Open MPI User's Mailing List Archives

  |   Home   |   Support   |   FAQ   |  

This web mail archive is frozen.

This page is part of a frozen web archive of this mailing list.

You can still navigate around this archive, but know that no new mails have been added to it since July of 2016.

Click here to be taken to the new web archives of this list; it includes all the mails that are in this frozen archive plus all new mails that have been sent to the list since it was migrated to the new archives.

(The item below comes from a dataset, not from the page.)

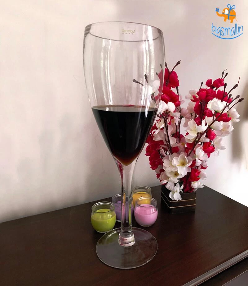 The jumbo wine glass is for those who love to live their life king size. A novel decoration, it can be used to hold flowers, wine bottles surrounded by ice, or simply ice for your party. A creative way to decorate your table or shelf, it is made of glass with approximate dimensions of 15 x 5 x 5 inches. A microfibre cloth is assisted with this glass, which helps to clean the glass to perfection. It is a perfect gift for a wine lover or a housewarming gift to a party maniac
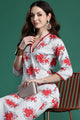 Dhiyona IE Floral Printed Mirror Work Pure Cotton Kurta with Trousers

Subject: Re: [OMPI users] mpi_leave_pinned is dangerous
From: Jens Glaser (jglaser_at_[hidden])
Date: 2012-11-07 19:21:23

I am replying to my own post, since no one else replied.

With the help of MVAPICH2 developer S. Potluri the problem was isolated and fixed. It was, as expected, due to the library not intercepting
the cudaHostAlloc() and cudaFreeHost() calls to register pinned memory, as would be required for the registration cache to work.
I replaced all of these calls with standard posix_memalign()/cudaHostRegister() calls in my code and the application now runs fine, with MVAPICH2
and with OpenMPI, and with registration cache enabled.

It would be desirable to have both libraries intercept the call to cudaHostAlloc/cudaFreeHost() (I assume OpenMPI 1.7 will have some level of cuda support), because
otherwise applications using GPUDirect are not guaranteed to work correctly with them, that is, they will exhibit undefined behavior.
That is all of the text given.